Henry Fan received his B.S. in 1998 from University of California at Berkeley. In 2001, he joined the ER group in UCLA. He worked under the supervision of Professor Majid Sarrafzadeh and received his M.S. in 2002. He research topics were mainly focused on reconfigurable devices and high-level synthesis.

## Majid Sarrafzadeh

Majid Sarrafzadeh (http://www.cs.ucla.edu/~majid) received his B.S., M.S. and Ph.D. in 1982, 1984, and 1987 respectively from the University of Illinois at Urbana-Champaign in Electrical and Computer Engineering. He joined Northwestern University as an Assistant Professor in 1987. In 2000, he joined the Computer Science Department at University of California at Los Angeles (UCLA). His recent research interests lie in the area of Embedded and Reconfigurable Computing, VLSI CAD, and design and analysis of algorithms. Dr. Sarrafzadeh is a Fellow of IEEE for his contribution to "Theory and Practice of VLSI Design". He received an NSF Engineering Initiation award, two distinguished paper awards in ICCAD, and the best paper award in DAC. He has served on the technical program committee of numerous conferences in the field.

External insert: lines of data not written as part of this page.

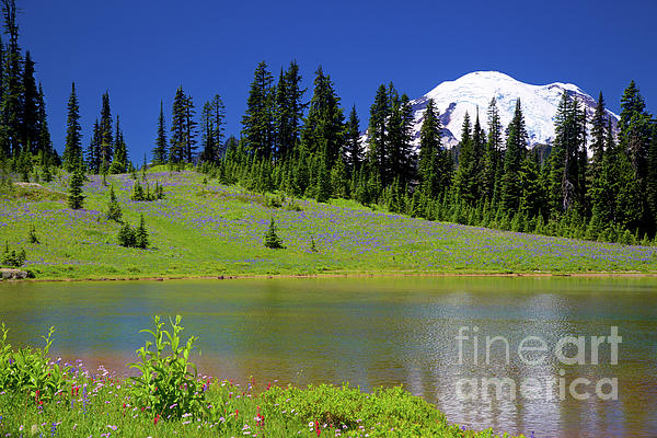 Summer day near Mt. Rainer in Mt. Rainier National Park with a meadow and an Alpine Lake.
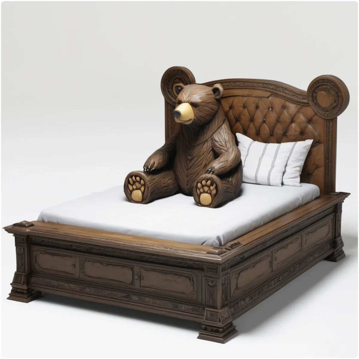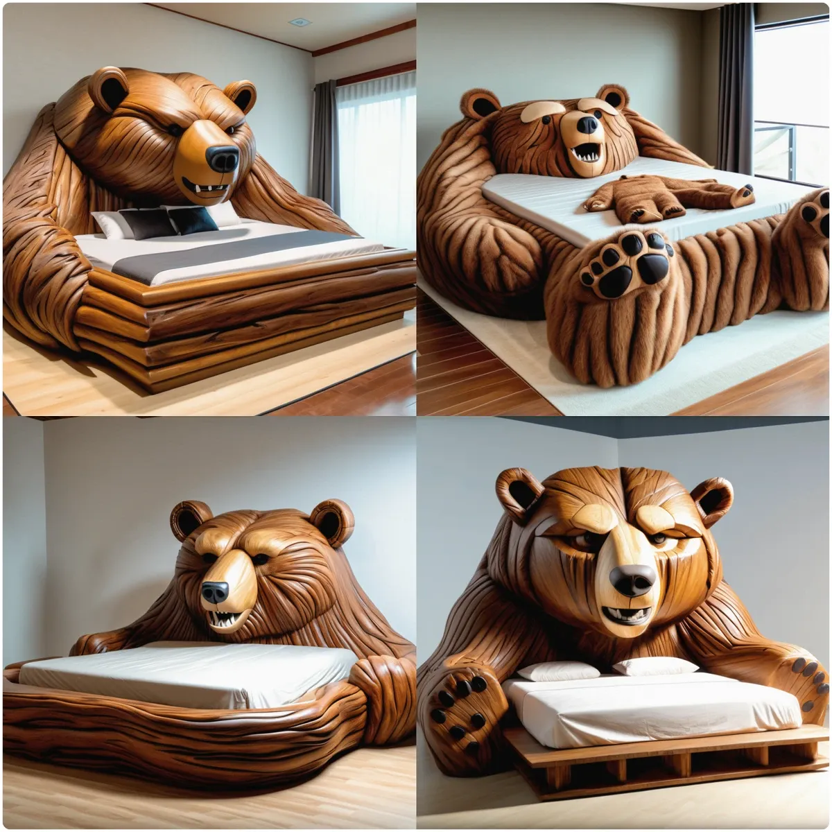 A bed shaped like a bear, masterpiece, 4k, ultra detailed - (3) Negative prompt: bokeh
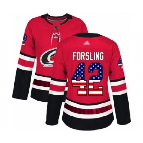 >Women's Carolina Hurricanes #42 Gustav Forsling Authentic Red USA Flag Fashion Hockey Jersey
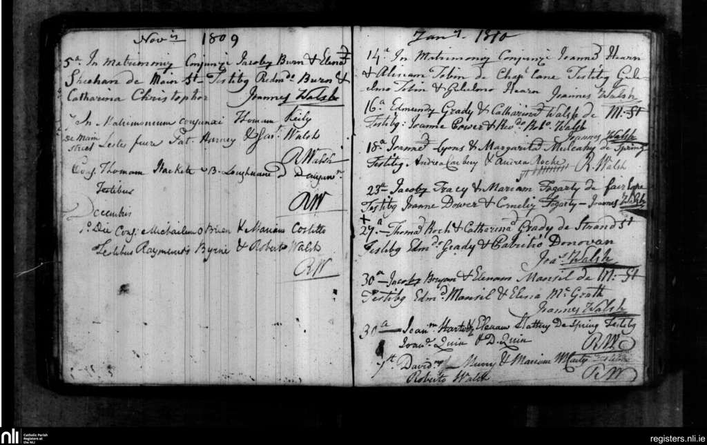 Dungarvan; County of Waterford; Diocese of Waterford and Lismore. Marriages, Nov. 1809 to Jan. 1810
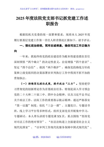 / 2025年度法院党支部书记抓党建工作述职报告
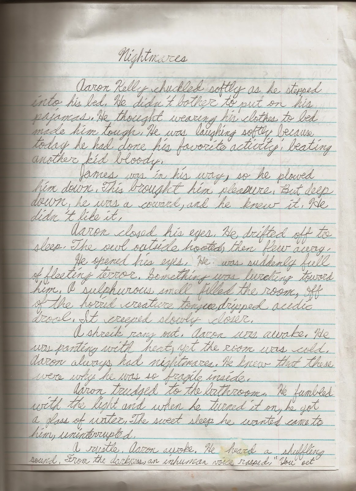 This was clearly some next level calligraphy-type sh*t that today's publishers don't know nothin' about. But, just in case you don't wish to decipher my beautiful runes, I have laboriously re-typed the entire story for your reading "pleasure." Presenting, for the first time on the World Wide Web, "Nightmares," from Nightmares and Other Tales.
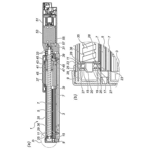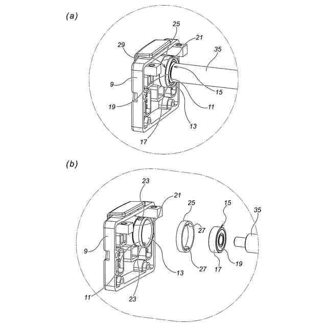 図1(b)に示すように上記軸受15には外輪17と上記外輪17の内側に回転可能に収容された内輪19と上記外輪17と上記内輪19との間に転動可能に設置された複数の転動体としての鋼球20がある。
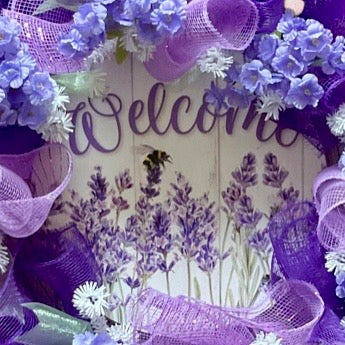 Lavender Meadow Welcome Wreath – 25” Spring & Summer Floral Mesh
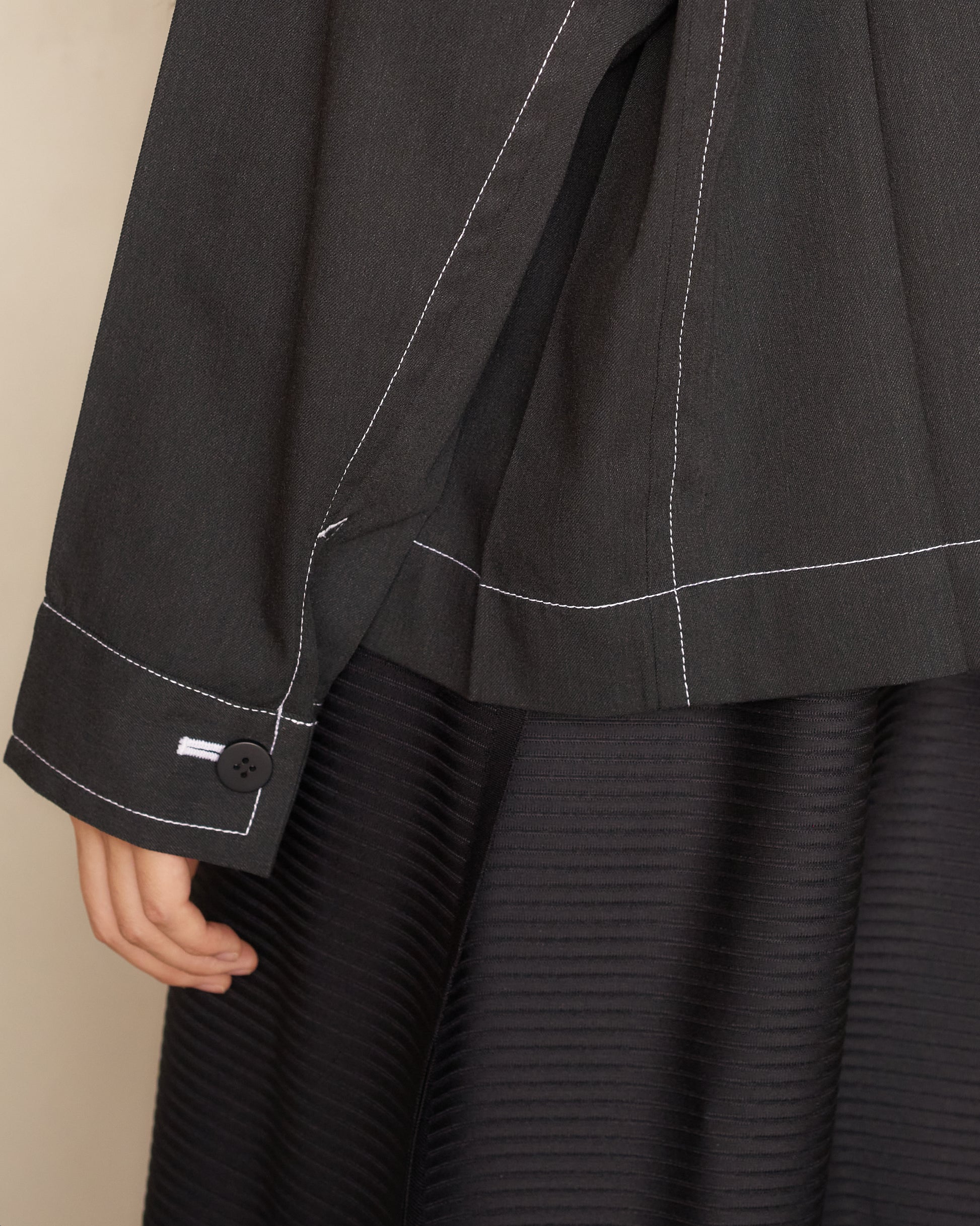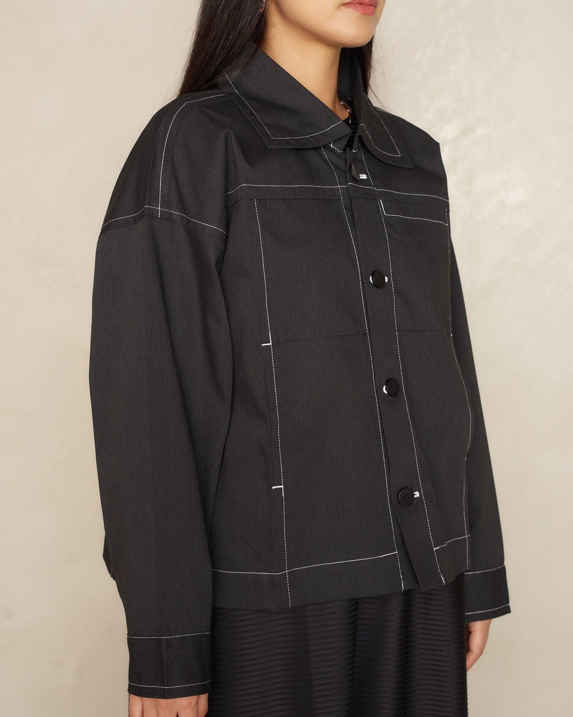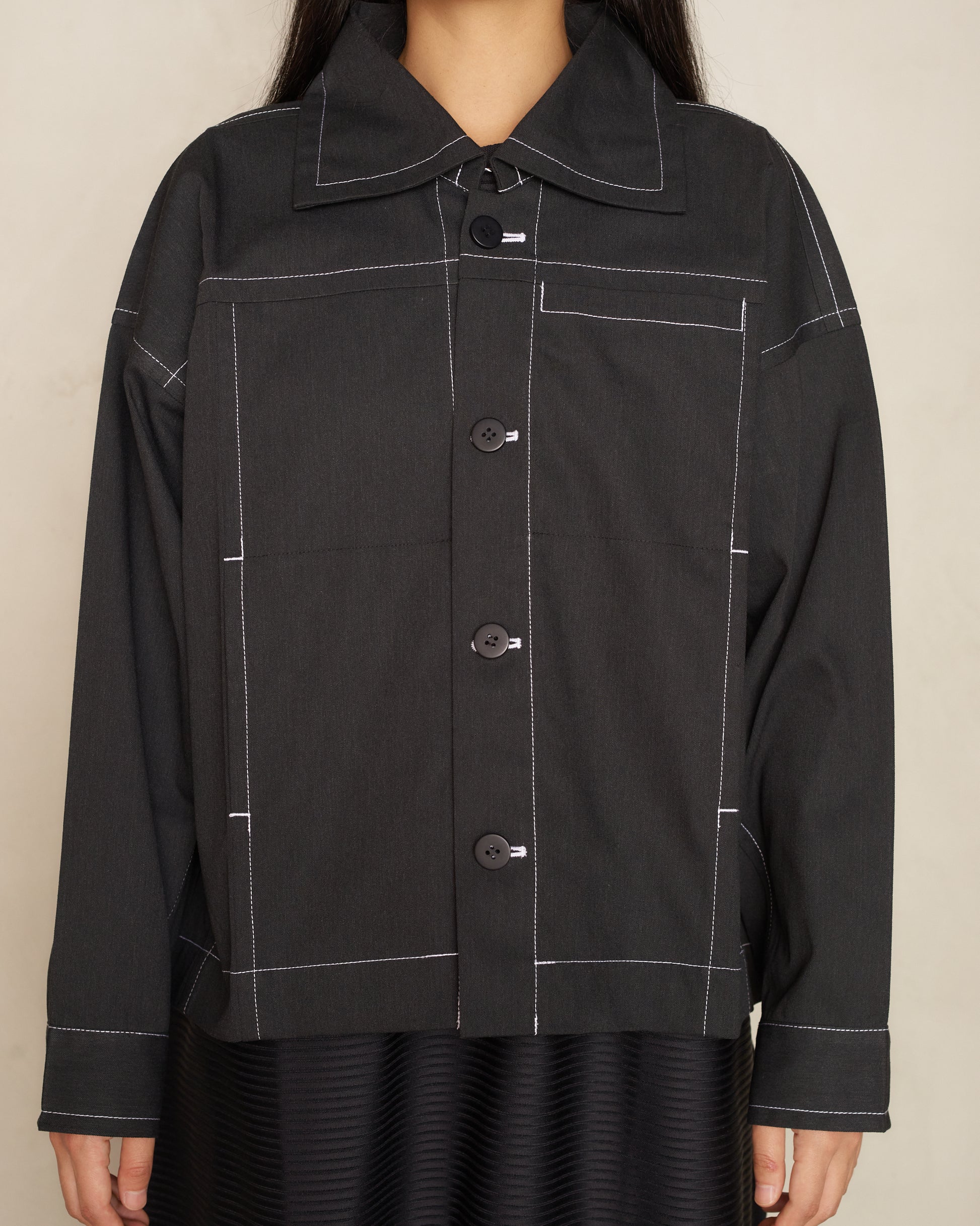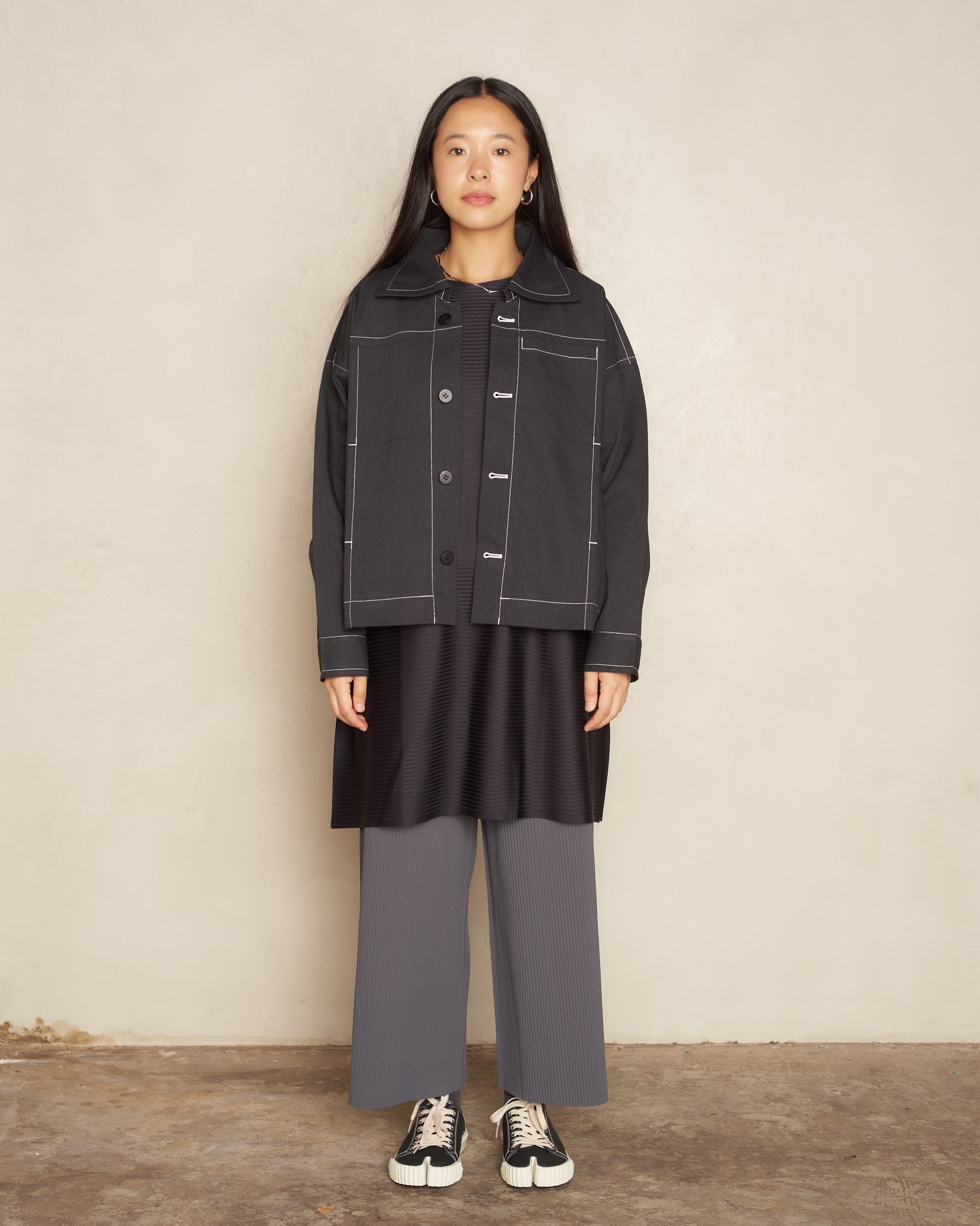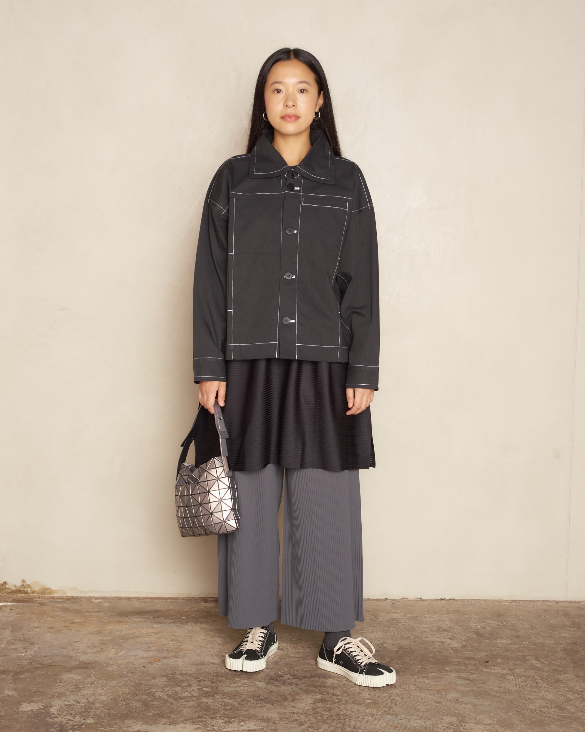 Black denim jacket by Issey Miyake ME. Boxy-fitting cropped jacket with concealed side pockets and contrast stitching. Crafted using recycled polyester thread with the colour mixed at the cotton stage, and washed to create a realistic denim texture. Folds along the creases for easy portability and storage.

Professor Sarrafzadeh has published approximately 250 papers, is a co-editor of the book "Algorithmic Aspects of VLSI Layout" (1994 by World Scientific), and co-author of the book "An Introduction to VLSI Physical Design" (1996 by McGraw Hill). Dr. Sarrafzadeh is on the editorial board of the VLSI Design Journal, an Associate Editor of ACM Transaction on Design Automation (TODAES) and an Associate Editor of IEEE Transactions on Computer-Aided Design (TCAD).

## 1. Introduction

There exists two methods to execute algorithms on hardware. One is to use hard-wired technology such as Application Specific Integrated Circuit (ASIC) or a group of components to perform an algorithm in hardware. ASICs are designed to perform a given computation and thus they are very fast with specific applications using the exact designed computational units. However, they cannot be altered after the design and hence algorithms which require new operations (computational units) cannot be performed as fast as others. The other method is to use software-programmed microprocessors. Processors execute a set of instructions. This makes a system flexible and by changing the software, functionality of system alters. However, the downside of this flexibility results in performance decrease. To execute instructions, the tasks of fetching, decoding and execution have to be performed which creates in a high execution overhead.

A programmable system fills the gap between hardware and software. It achieves a better performance than software while providing a more flexible solution than hardware implementation. Programmable devices including Field Programmable Gate Array (FPGA) contain an array of programmable computational units which can be programmed through the configuration bits. This gives us the flexibility of having dedicated hardware to perform specific computational units and meantime it can be designed with parallelism capability.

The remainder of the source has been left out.